We're learning a lot here. It's still early days.
With different indications?
With different indications. We are learning a lot and we will see where the science takes us. If we have a positive study with the M4 agonist in schizophrenia, that is going to be a real foundation for the psych salesforce that we already have in place and going to be able to continue to leverage or strengthen the psych.
Is the M1, M4 through the Stadmed work yet or is it almost done? Will we see the data this year?
I would say we see it in real time as it's going through and what we've been seeing, we've liked. In terms of will the street see the data, historically we've not provided a tremendous amount of phase one data, but later this year we are contemplating hosting, having an R&D day. It hasn't been defined yet, but these are the types of things that we would likely highlight between more information on the osavampator MDD program, as well as some more incremental information on the phase two program for the M4 and some things in the clinic.
Excellent. Excellent. Any last minute comment or last second comment, I should say? We really do not have any more time, but.

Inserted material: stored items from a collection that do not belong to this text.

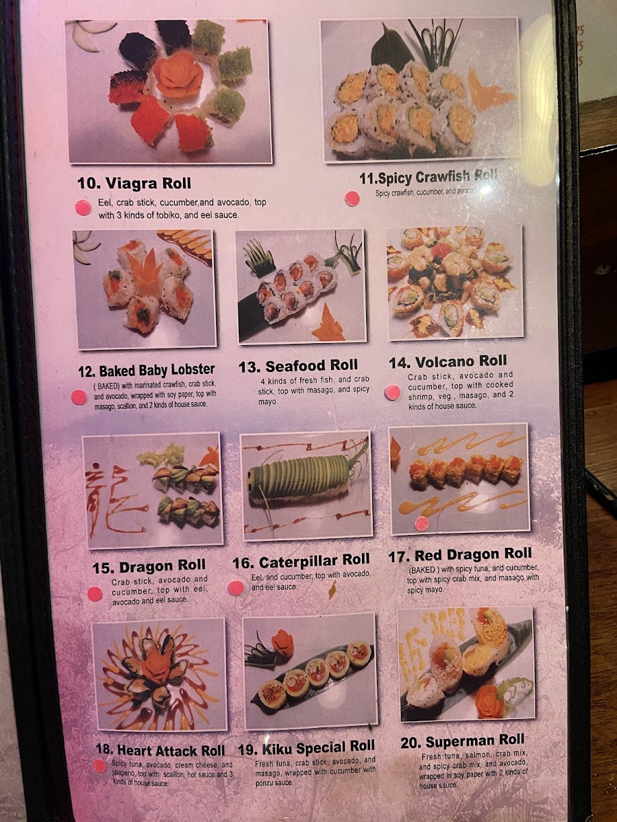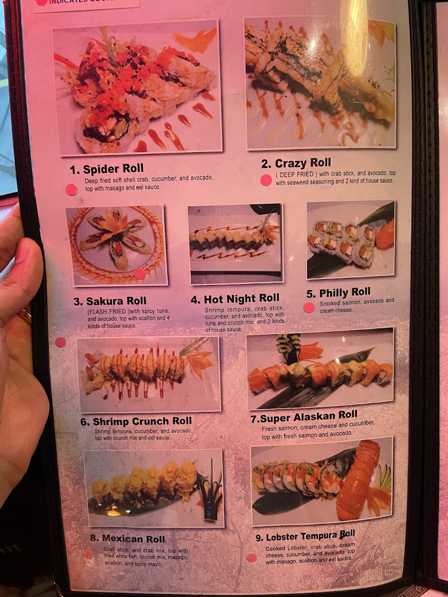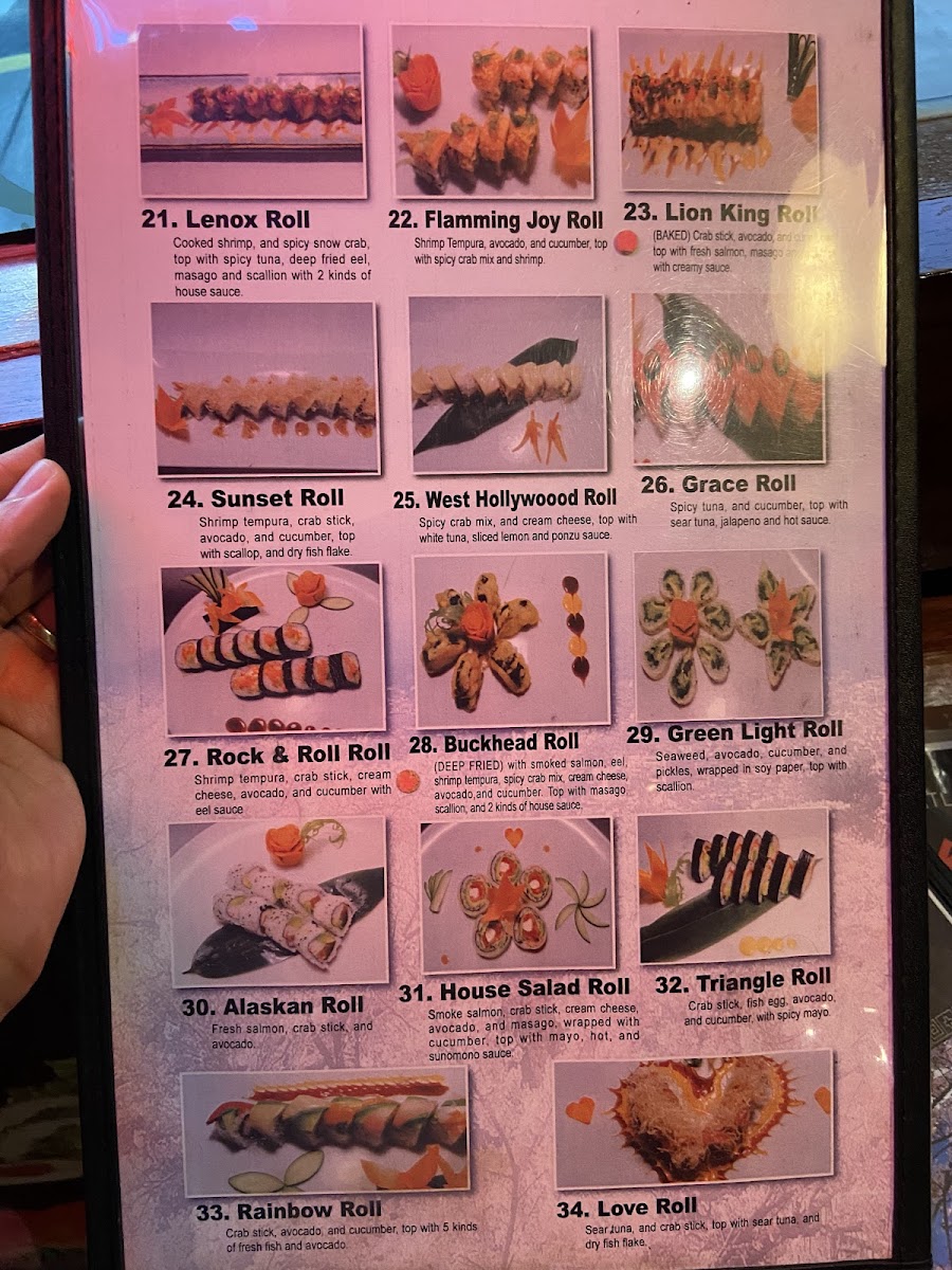 - Highlighted dishes include the savory Fried Rice and unique rolls like the Lion King and Volcano.
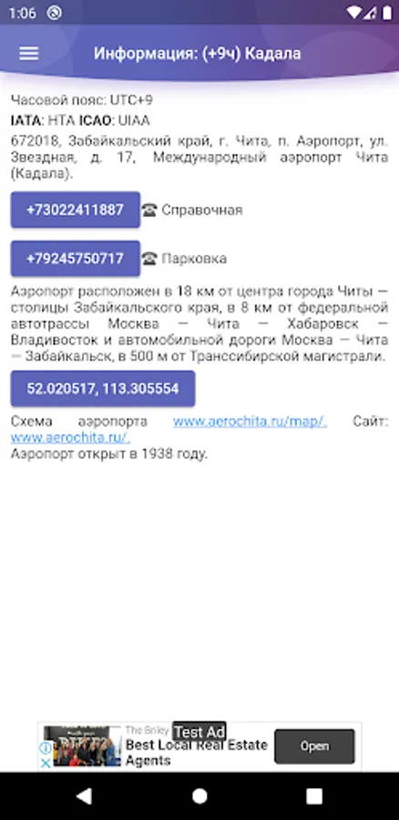 - phones and coordinates of the airport
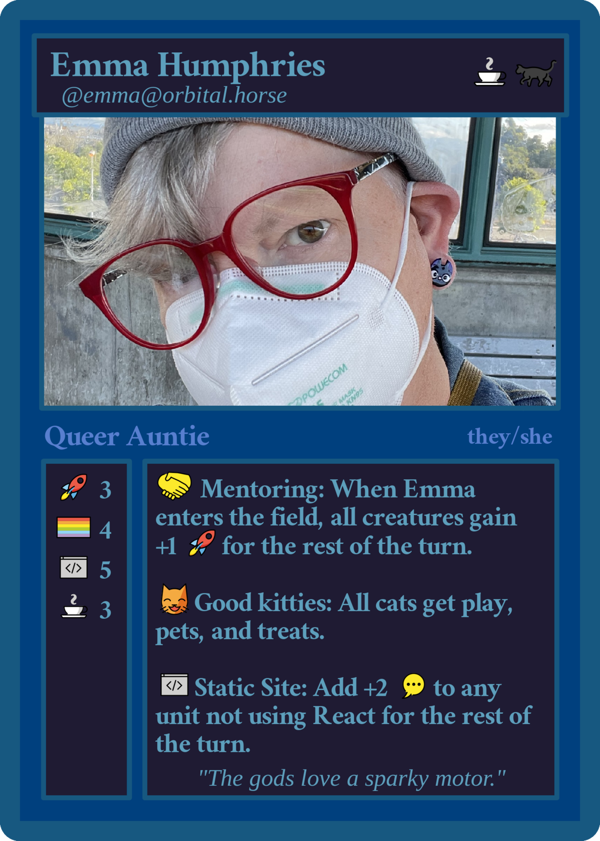 A mocked up magic card: Line one: Emma Humphries, coffee emoji, black cat emoji Line two: @emma@orbital.horse Image: A white femme wearing red glasses, a grey watch cap, face mask, with grey hair, and black cat earrings Line Three: Queer Auntie, they/she Column One: rocket emoji: 3, pride flag: 4, code editor: 5, coffee: 3 Column Two: handshake emoji, Mentoring: When Emma enters the field, all creatures gain, +1 rocket emoji for the rest of the turn; smiling cat, eyes closed emoji, Good kitties: All cats get play, pets, and treats; Code editor emoji: Static Site: Add +2 Chatting/Commenting emoji to any unit not using React[.js] for the rest of the turn. Catch phrase: "The gods love a sparky motor"
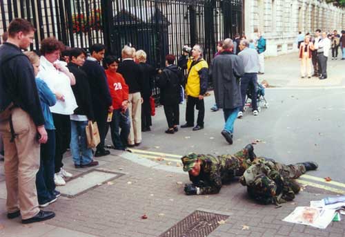 Ignored by some onlookers and creating a palpable sense of unease in others, MAD FOR REAL wore camouflage combat gear and crawled in the mode of combat troops from Trafalgar Square to Waterloo Bridge via Downing Street, Westminster, and the Mall. The progress of the event was transmitted to a radio programme and broadcast.
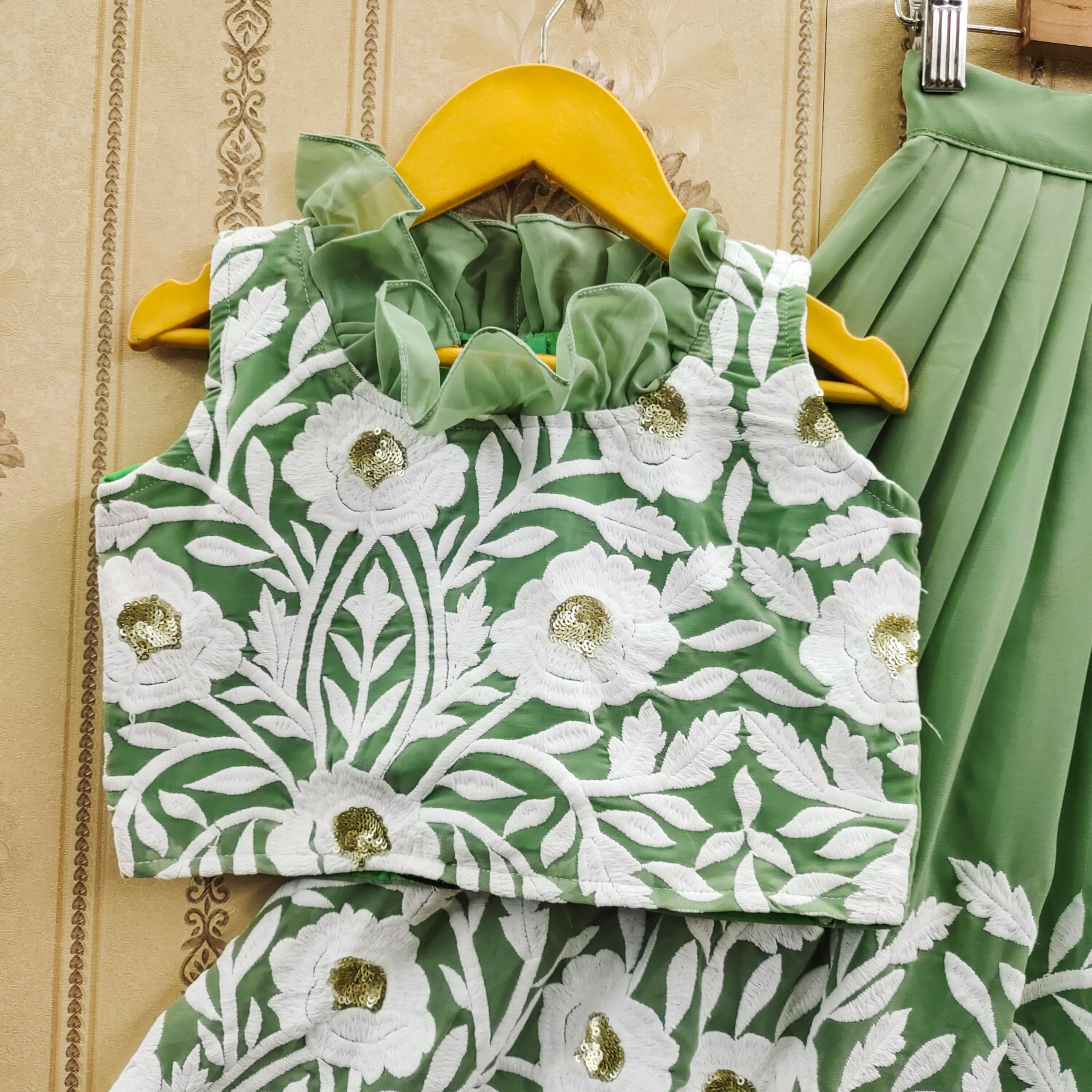 LAKAAE Girls Embroidered georgette Silk Full Stitched Lehenga Choli Set | Girls Ethnic Wear | Readymade Traditional Dress (6-7 Years, Pista)
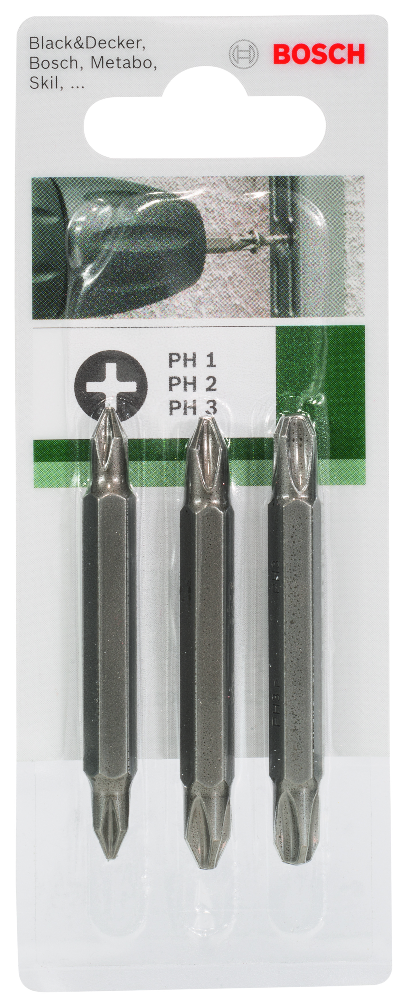 3-częściowy zestaw podwójnych końcówek wkręcających (PH, PH) PH1-PH1, PH2-PH2, PH3-PH3, 60 mm
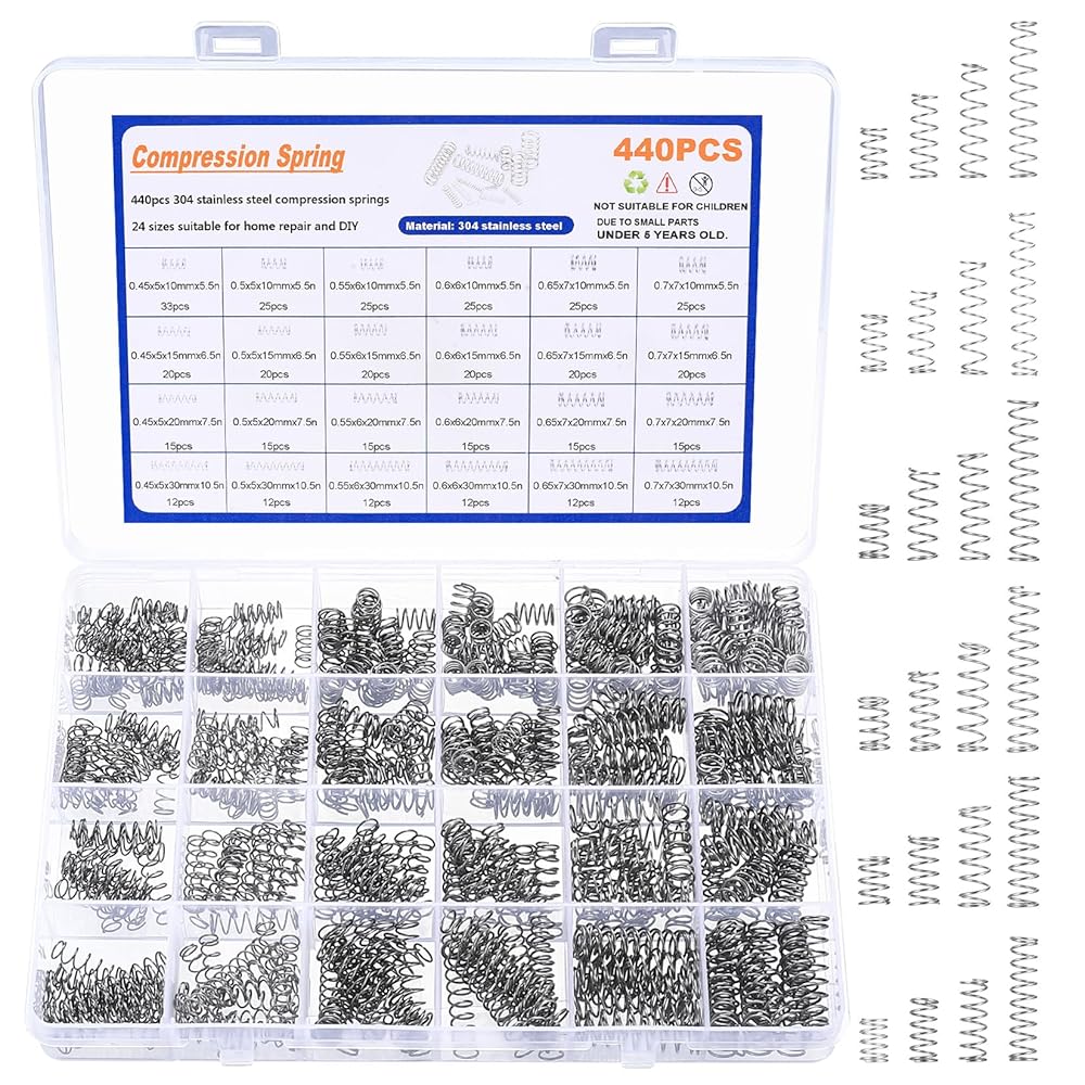 2. Complete Range: This range contains 440 304 stainless steel compression springs in 24 different sizes to meet a variety of repair needs.
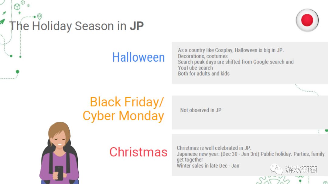 在日本,万圣节、圣诞节都是较为重要的节日,12月30日至1月3日是新年假期,冬季折扣时间为12月底至1月底。厂商针对这些时间段,进行游戏的活动推广和上线,同样能够给用户量和收入的增长带来比较大的机会。
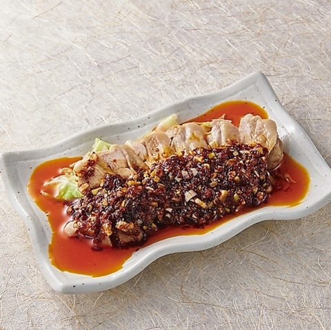 蒸した鶏肉にザクザクした食感の食べるラー油をかけました。やみつきになる辛さと旨さです。
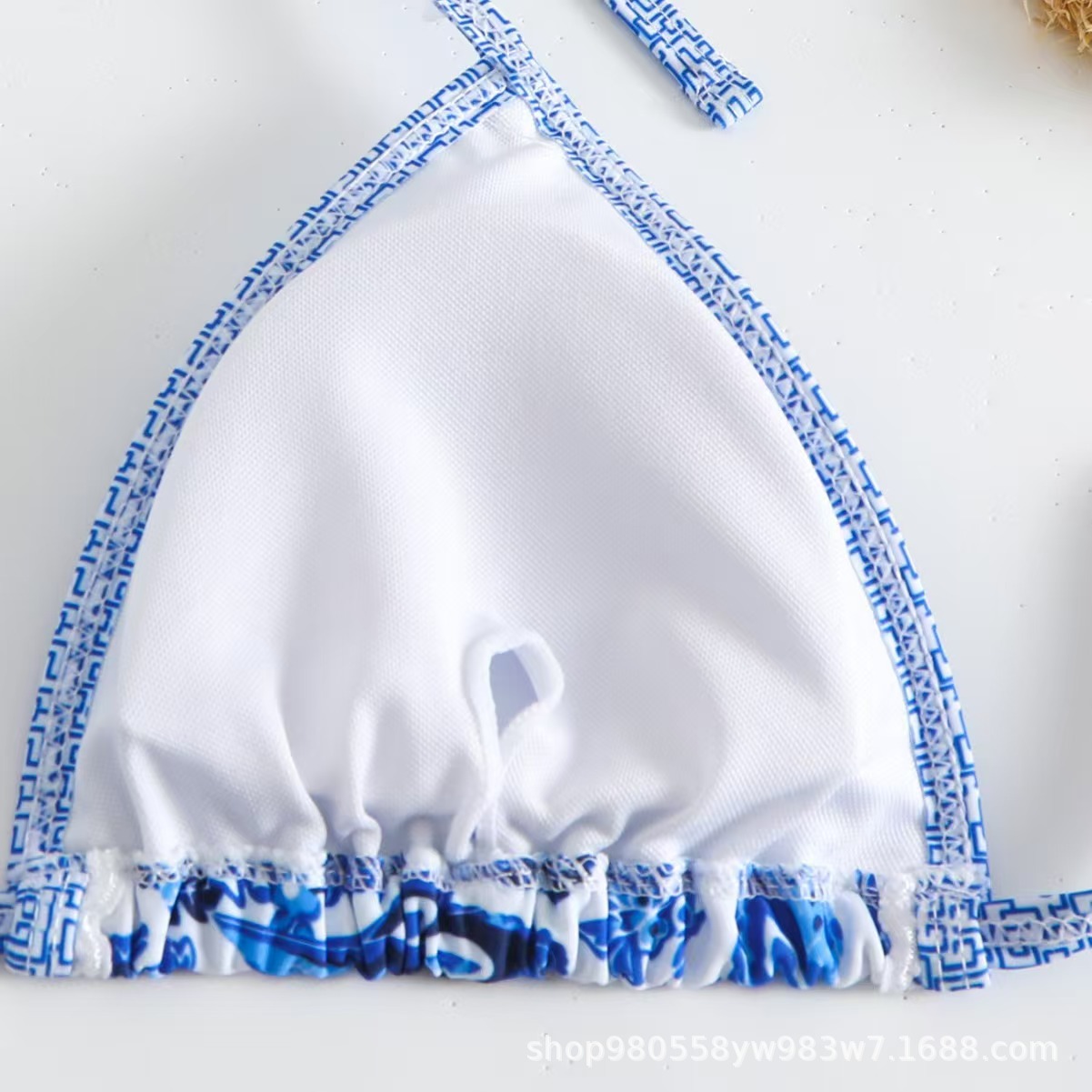 Blue and White Porcelain New Foreign Trade Three-point Split Bikini Women's Swimsuit Sexy Backless Neck Lace-up Swimsuit Biki
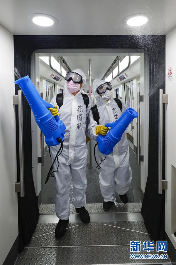 3月23日,在武漢地鐵常青車輛段,保潔人員在消毒。新華社記者肖藝九攝
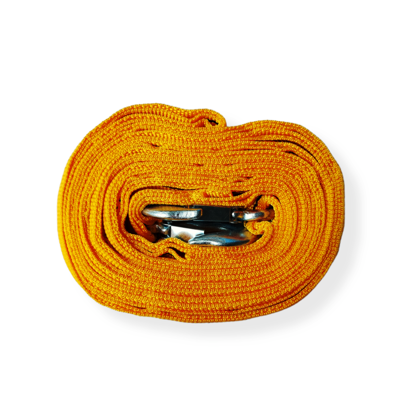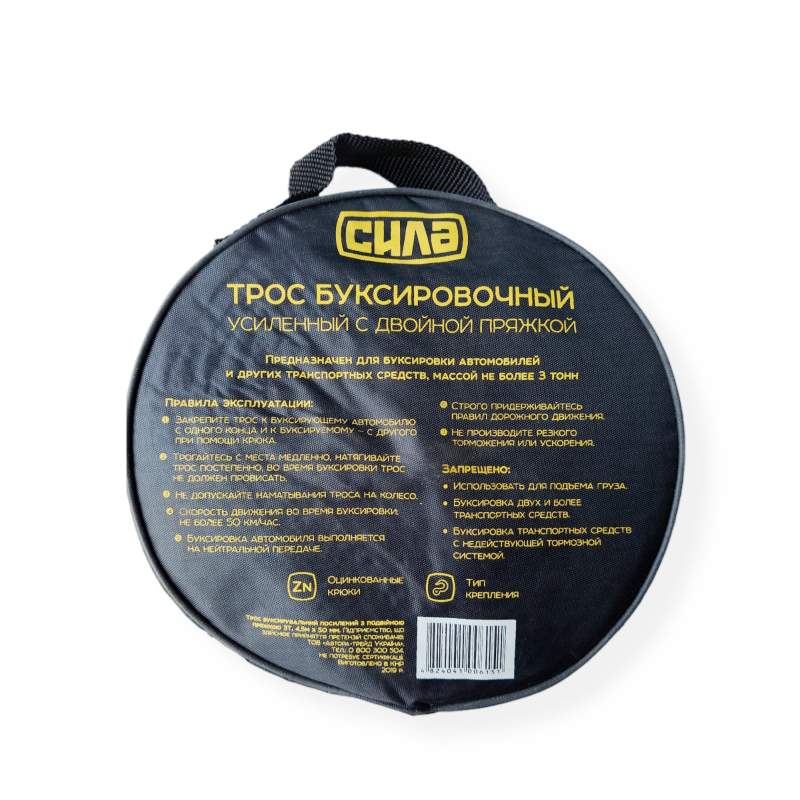 Трос стрічкового типу.На даної моделі з обох кінців розташовуються металеві гачки, які забезпечують жорстке зчеплення.Здійснювати буксирування транспортного засобу можна як при гнучкому, так і при жорсткому зчепленні.Трос посилений і оснащений подвійною пряжкою.

I would just say it's obviously an environment where uncertainty is being punished right now, not just for us, but for every company. I understand some of the uncertainty associated with the tardive dyskinesia market is exaggerated in this type of a market environment. For us, our heads are down. We're adapting. We're going to make sure we get through this strong and to be able to have Chronicity alongside of that, absolutely a nice setup for us and the company. We're going to work hard to execute for our shareholders and appreciate the support along the way, Mark.
On a relative basis, I mean, even if the product only grows 10% and Chronicity grows on top of that, it's pretty good top-line growth.
Yeah, we'll be happy with that.
Relative to a lot of other companies. Thanks very much for joining us. We appreciate it. Good luck with everything.